– Можно посмотреть? – спросил я и потянулся к ее жилету.
Она кивнула. Капли воды стекали по лицу; Иззи прислонилась головой к дереву.
Пальцы онемели, но у меня все же получилось расстегнуть ее жилет и приподнять край рубашки. Я выругался.
– Крови нет, но ушиб огромный. Не удивлюсь, если окажется, что ты сломала ребра.
– Тогда понятно, откуда боль. И еще, кажется, у меня что-то с плечом. – Она провела рукой по моим волосам. – У тебя глубокий порез прямо на лбу.
– Не страшно. Шрамы украшают мужчину. Девчонкам нравится.
Я всмотрелся в ее расширенные зрачки, из-за которых было почти не видно радужку ее красивых карих глаз.
Снова кто-то позвал на помощь. Иззи ринулась было вперед.
– Ну нет. Не шевелись. – Я внимательно на нее поглядел. – Я серьезно. Сиди здесь.
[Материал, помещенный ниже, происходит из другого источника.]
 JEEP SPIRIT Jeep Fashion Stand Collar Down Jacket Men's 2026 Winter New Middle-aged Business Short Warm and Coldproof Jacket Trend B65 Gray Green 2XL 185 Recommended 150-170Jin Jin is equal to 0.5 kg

Я сейчас вернусь.
– Только… не умри, пожалуйста. – Она привалилась к дереву.
– Пока не планирую.
Я спрыгнул с берега и стал помогать остальным. Вздохнул с облегчением, когда мама с малышом очутились на суше. Понадобилось минут десять, чтобы помочь всем выбраться; только плоты отнесло вниз по течению.
Я продрался сквозь толпу ошарашенных плачущих пассажиров и вернулся к Иззи. Мышцы дрожали от холода и схлынувшего адреналина.
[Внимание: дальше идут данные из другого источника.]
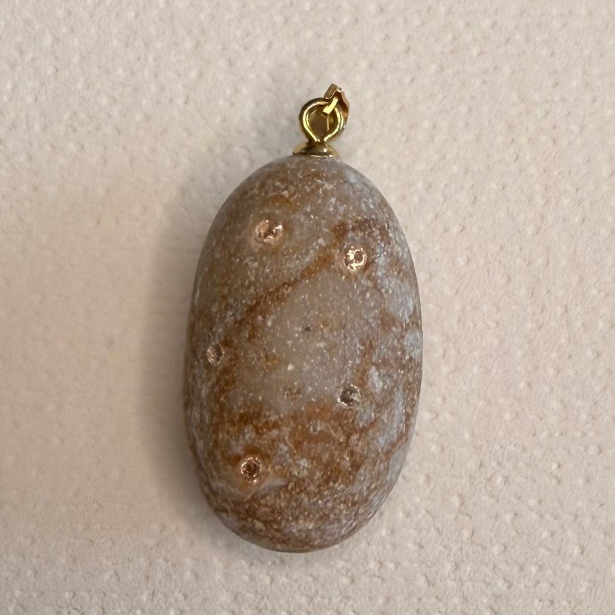 Colgante artesanal con una maravillosa piedra ovalada en color granito rosa, adornada con vetas granates que evocan ramas y raíces, haciendo cada pieza absolutamente única. Está realzado con la delicada incrustación al ras de cinco cristales Swarovski rosas, que aportan un brillo sutil y elegante.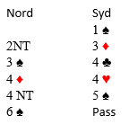 Ved begge bord overførte nord til spar etterfulgt av en kontrollmelding, ved det ene bordet 4 kløver, ved det andre bordet 4 ruter! Er overføring fulgt av melding på firetrinnet kontrollmelding etter 2 grandåpning?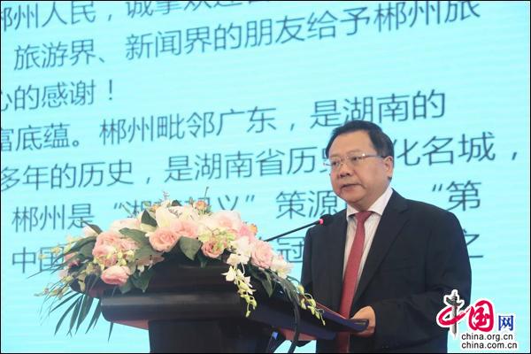 湖南省政协副主席、郴州市委书记、市人大常委会主任易鹏飞在致辞中指出,郴州文旅资源极其丰富、极为独特、极富底蕴。郴州毗邻广东,是湖南的“南大门”。“郴”字独属郴州,已有2200多年的历史,是湖南省历史文化名城,天下第十八福地,古村古镇古建筑遍及全市。郴州是“湘南起义”策源地、“第一军规”颁布地、“半条被子”故事发生地、中国女排成就“五连冠”的腾飞之地,红色旅游资源有30余处。郴州是生态之城,森林覆盖率近70%,被评为全国绿化模范城市、国家园林城市、国家森林城市、全国50大氧吧城市、国家卫生城市。郴州有中国有色金属之乡、中国银都、中国观赏石之城•矿物晶体之都的美誉,已成功举办四届的中国(湖南)矿物宝石博览会成为旅游新热点。厚重的历史、别样的文化、“五彩缤纷,五色辉映”的旅游资源汇集于此,让郴州成为名副其实的中国优秀旅游城市、国家休闲城市和中国最具幸福感城市之一。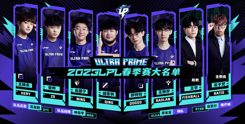 UP电子竞技俱乐部官宣了2023年LPL春季赛的大名单,只有上单位置轮换,打野Ning、辅助Baolan稳占主力位置。
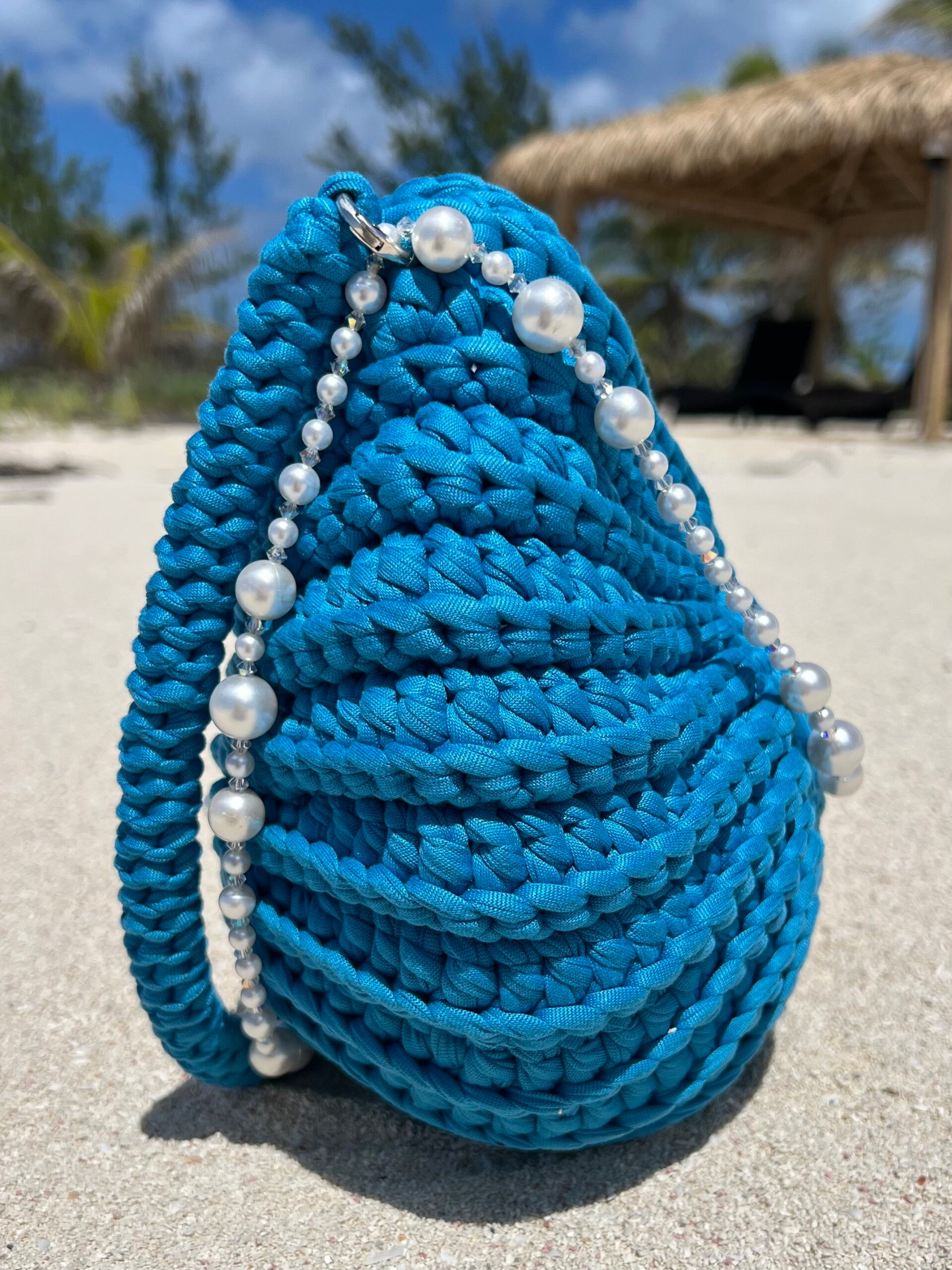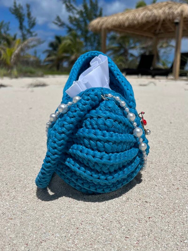 Handgemaakte Gehaakte Tas – Exclusieve Schelp in de kleur Ocean blue

– Видишь? – Она подняла правую руку и одарила меня вялой дрожащей улыбкой. – Я никуда не ушла.
– Хорошо. Я не в том состоянии, чтобы за тобой гоняться. – Я присел рядом и обнял ее за плечи, прижав здоровым боком к себе. Туман немного рассеялся, взгляду открылась речная гладь. – Тебе надо согреться.
– Мы пережили крушение самолета. – Она наклонилась ко мне и положила голову на грудь прямо над сердцем.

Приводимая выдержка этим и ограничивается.